Beijing in the late 1990s was a far cry from what it is today. Stuck between the reform and opening era and the digital age, late 1990s China encapsulated a short period when its global economic rise was becoming very evident and the possibilities for the near future were endless. Scott Spacek brings the reader into this special period in his debut thriller, China Hand (Post Hill Press, 2022), set in 1998 and 1999.
The hero, Andrew Callahan, moves to Beijing to teach English at the elite international affairs university. A recent Harvard grad from Chicago, he secured a job with a top management consulting firm. A beloved professor suggests he first teach in China for a year to improve his Mandarin. It could only help with his career.
So Andrew flies to Beijing in the fall of 1998 and immediately meets a colorful group of foreign teachers like the veteran Tom Blum, who had been in China for decades since the thawing of Sino-U.S. relations in the 1970s, as well as the burly Will Carter, another teacher who had lived in a number of war-torn countries. He also gets to know locals like Lily Jiang, the dean’s assistant and daughter of China’s top general. As Andrew meets more people on campus and in Beijing as a whole, he soon finds himself recruited to smuggle Lily Jiang and her mother out of China while her father defects on a work trip to Washington, D.C.
Spacek’s novel is based on the true defection of a Chinese general. Andrew and Lily become an item, but he has to keep her in the dark when it comes to their escape plan. Any leak could ruin it not just for Andrew and Lily, but for her parents and a network of CIA operatives and reformers in the Chinese government.

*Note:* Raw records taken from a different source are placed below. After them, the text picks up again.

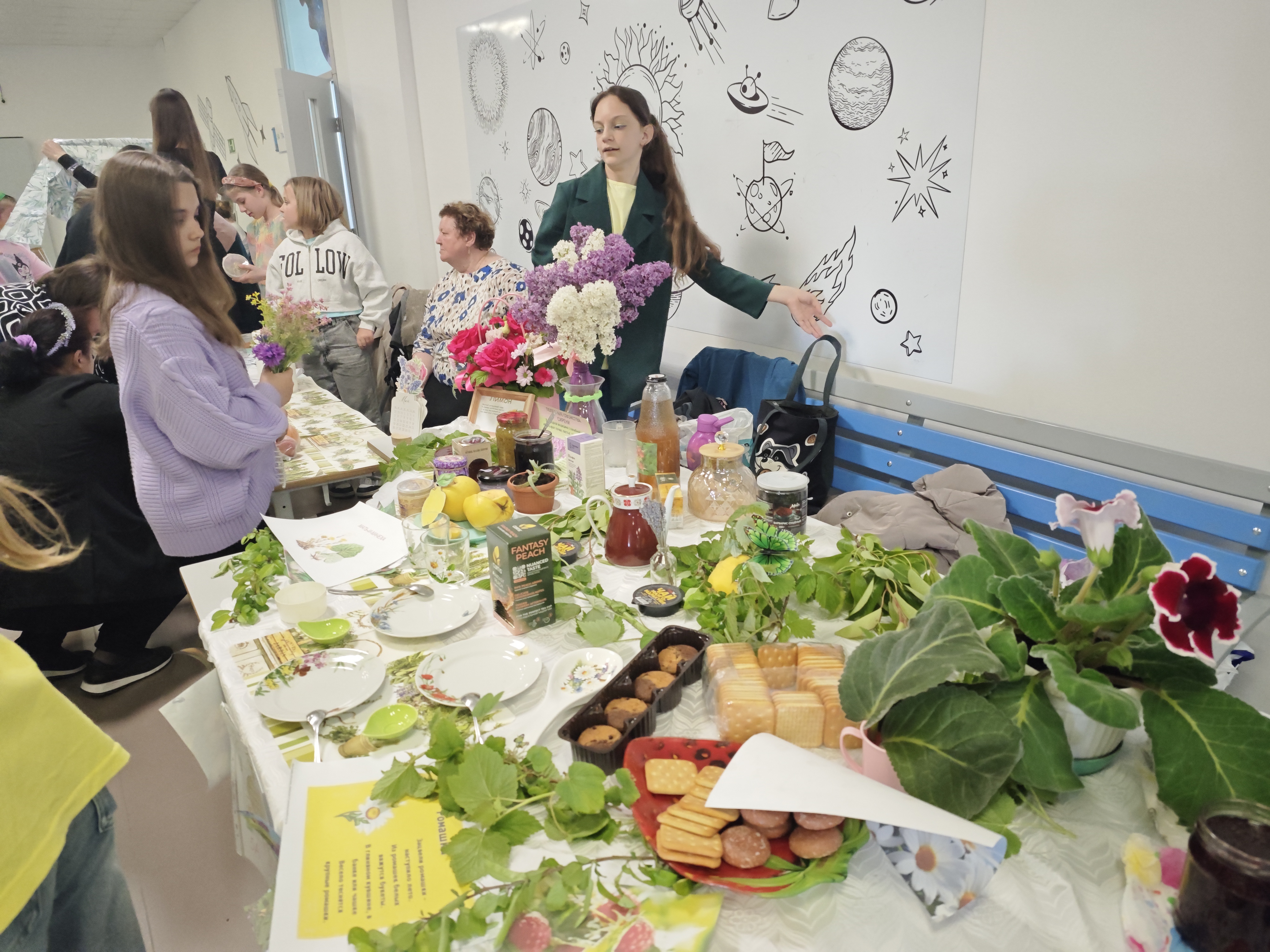 Каждая семья и класс представили свои уникальные рецепты приготовления чаев и блюд из лекарственных растений, а также полезных овощей и фруктов. Мы провели множество мастер-классов: участники учились изготовлению ароматных чаёв, лепке и даже сделали ароматические саше с лавандой и декоративные васильки. Также желающие смогли научиться сажать петунии.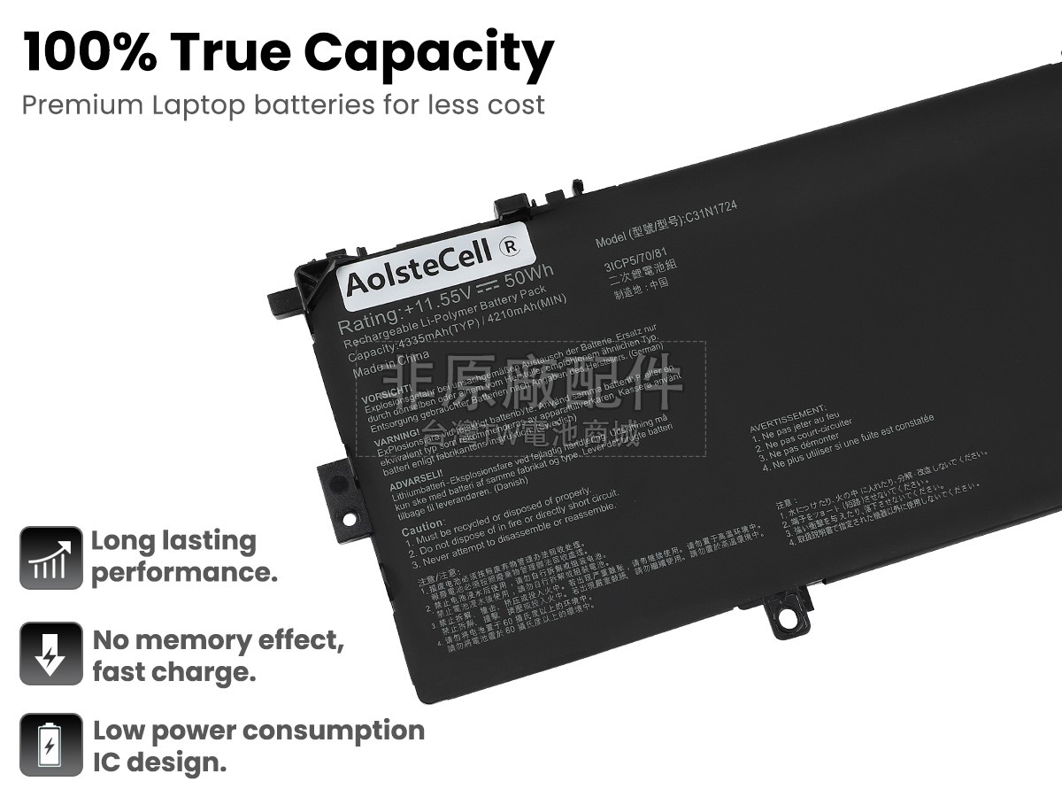 筆電電池好不好要看“芯”,內置電芯是筆電電池最重要的組成部分。 我們的ASUS華碩0B200-02760400筆記型電腦電池都是採用原廠品質的A+級電芯組裝而成,確保更好的安全性,更長的供電時間和更久的使用壽命。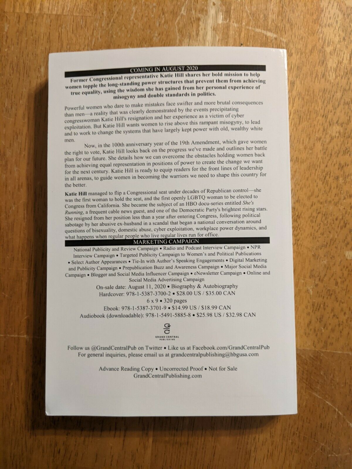 Katie Hill wasn't yet thirty when she embarked on her run for Congress. By thirty-one, she had become not only a member of Congress but a member of congressional leadership. Soon, she was the subject of an HBO docuseries entitled She's Running, a frequent and ratings-generating cable news guest, and one of the Democratic Party's brightest rising stars. Her campaign attracted the support of dozens of celebrities, including Kristen Bell, Chelsea Handler, Alyssa Milano, and Chris Evans, and she managed to flip a Congressional seat under decades of Republican control. She was the first woman to hold the seat, and the first openly LGBTQ woman to be elected to Congress from California. She resigned from her position less than a year after entering Congress, following a scandal that began a national conversation around questions of bisexuality, domestic abuse, cyber exploitation, workplace power dynamics, and what happens when regular people who live regular lives run for office.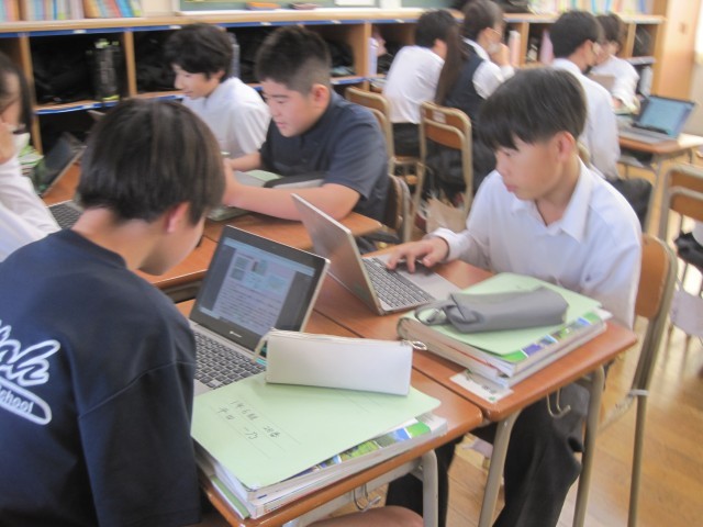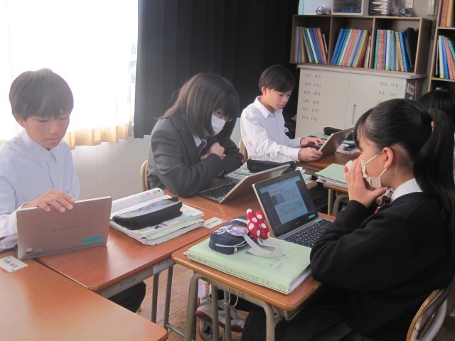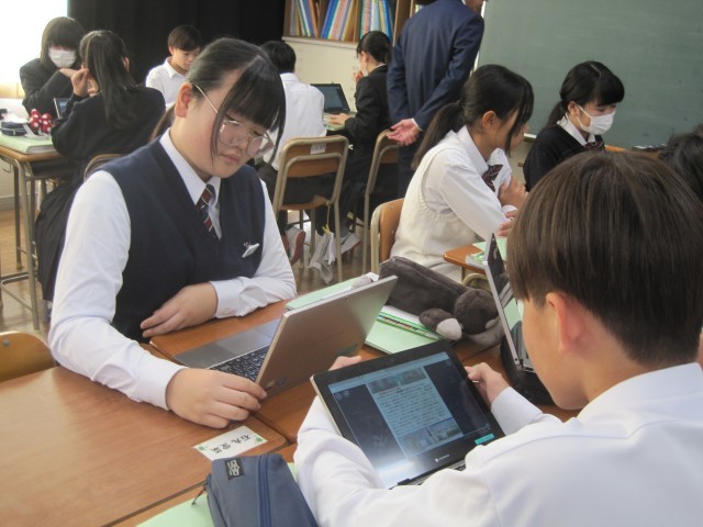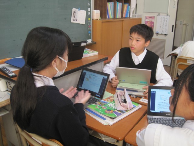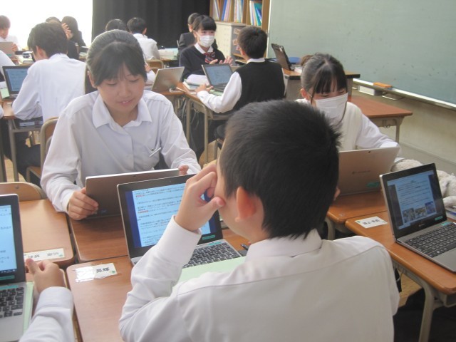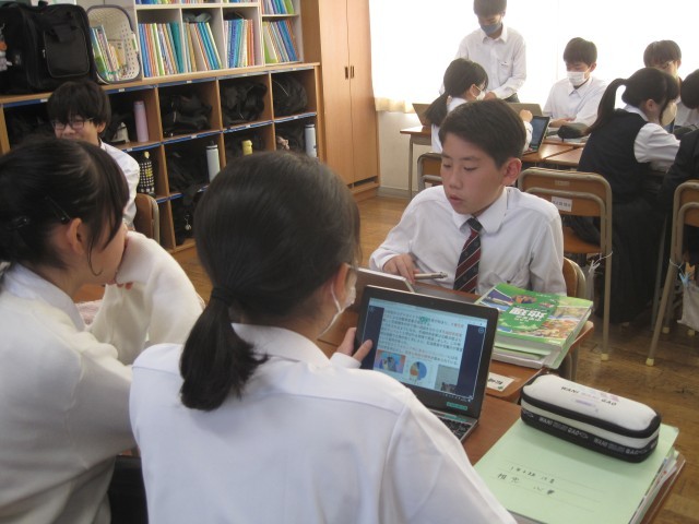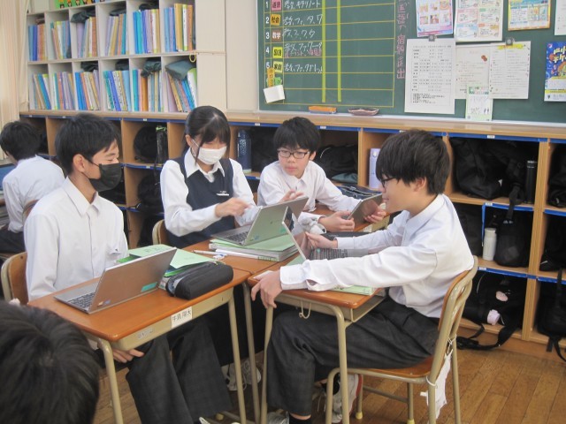 1年6組の社会の授業では、北アメリカの農業チーム、工業チームに分かれ、それぞれ調べたものを発表し、質問し合いました。「五大湖って何?」と質問したり、発表後拍手をしたり、積極的に活動しました。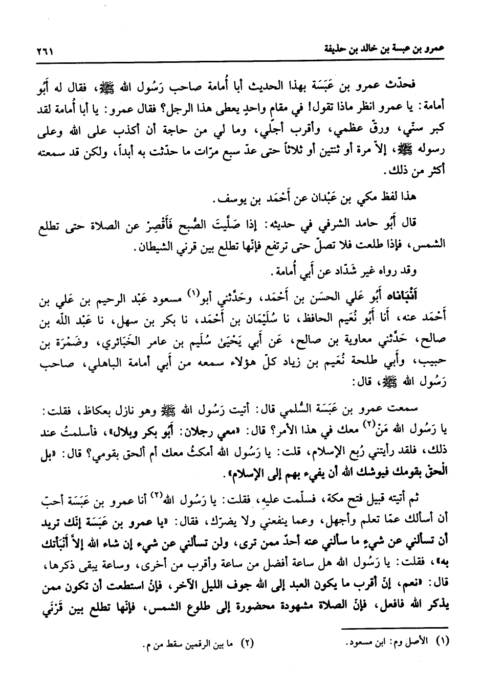 فحدث عمرو بن عبسة بهذا الحديث أبا أمامة صاحب رسول الله (صلى الله عليه وسلم) فقال له أبو أمامة يا عمرو انظر ماذا تقول في مقام واحد يعطى هذا الرجل فقال عمرو يا أبا أمامة لقد كبر سني ورق عظمي وأقرب أجلي وما لي من حاجة أن أكذب على الله وعلى رسوله (صلى الله عليه وسلم) إلا مرة أو ثنتين أو ثلاثا حتى عد سبع مرات ما حدثت به أبدا ولكن قد سمعته أكثر من ذلك هذا لفظ مكي بن عبدان عن أحمد بن يوسف قال أبو حامد الشرفي في حديثه إذا صليت الصبح فأقصر عن الصلاة حتى تطلع الشمس فإذا طلعت فلا تصل حتى ترتفع فإنها تطلع بين قرني الشيطان وقد رواه غير شداد عن أبي أمامة أنبأناه أبو علي الحسن بن أحمد وحدثني أبو (1) مسعود عبد الرحيم بن علي بن أحمد عنه أنا أبو نعيم الحافظ نا سليمان بن أحمد نا بكر بن سهل نا عبد الله بن صالح حدثني معاوية بن صالح عن أبي يحيى سليم بن عامر الخبائري وضمرة بن حبيب وأبي طلحة نعيم بن زياد كل هؤلاء سمعه من أبي امامة الباهلي صاحب رسول الله (صلى الله عليه وسلم) قال سمعت عمرو بن عبسة السلمي قال أتيت رسول الله (صلى الله عليه وسلم) وهو نازل بعكاظ فقلت يا رسول الله من (2) معك في هذا الأمر قال معي رجلان أبو بكر وبلال فأسلمت عند ذلك فلقد رأيتني ربع الإسلام قلت يا رسول الله أمكث معك أم ألحق بقومي قال بل الحق بقومك فيوشك الله أن يفئ بهم إلى الإسلام ثم أتيته قبيل فتح مكة فسلمت عليه فقلت يا رسول الله (2) أنا عمرو بن عبسة أحب أن أسألك عما تعلم وأجهل وعما ينفعني ولا يضرك فقال يا عمرو بن عبسة إنك تريد أن تسألني عن شئ ما سألني عنه أحد ممن ترى ولن تسألني عن شئ إن شاء الله إلا أنبأتك به فقلت يا رسول الله هل ساعة أفضل من ساعة وأقرب من أخرى وساعة يبقى ذكرها قال نعم إن أقرب ما يكون العبد إلى الله جوف الليل الآخر فإن استطعت أن تكون ممن يذكر الله فافعل فإن الصلاة مشهودة محضورة إلى طلوع الشمس فإنها تطلع بين قرني

The story mainly takes place in Beijing, but Andrew and his escape crew end up in other cities as they try to keep one step ahead of the people who do not want them to leave China.
The story moves at a quick pace and there are plot twists along the way. It also takes place during the 1999 US bombing of the Chinese embassy in Belgrade, which sparked massive protests in Beijing at the U.S. embassy, among other places. Americans believed the CIA could easily have used an outdated map, but people in China were convinced the bombing was intentional. Spacek handles this issue very well, which is just one of the ways he presents a very balanced view of Sino-U.S. relations.
That said, it’s difficult for thrillers set in “contemporary” China to find homes in publishing these days what with the close relations between Hollywood and the Chinese government. Yet I’d argue that this story isn’t really contemporary since so much of it could not have happened today. Their internet access would not have been relegated to only Internet cafes and Lily would most certainly not have worked as an assistant in a university. There were also attendants on each hotel floor back then that would regularly bring thermoses of hot water to each room. Spacek includes all of these in his story, which are decidedly 1998-99, but I think people would be hard-pressed to find those in China today, at least not in the hotels where foreigners would stay.
Spy novel reviews should never include spoilers and I won’t do that here, but I think it’s all right to say that Spacek leaves the reader wanting and hoping for more. Let’s hope that wish comes true.
david yates says
sounds super my sorta tale – now would it be best on a kindle or the feel of paper in my hands?
Susan Blumberg-Kason says
I think either! It seems to be on sale on Kindle, although I personally prefer paper books because I think I retain the story better that way!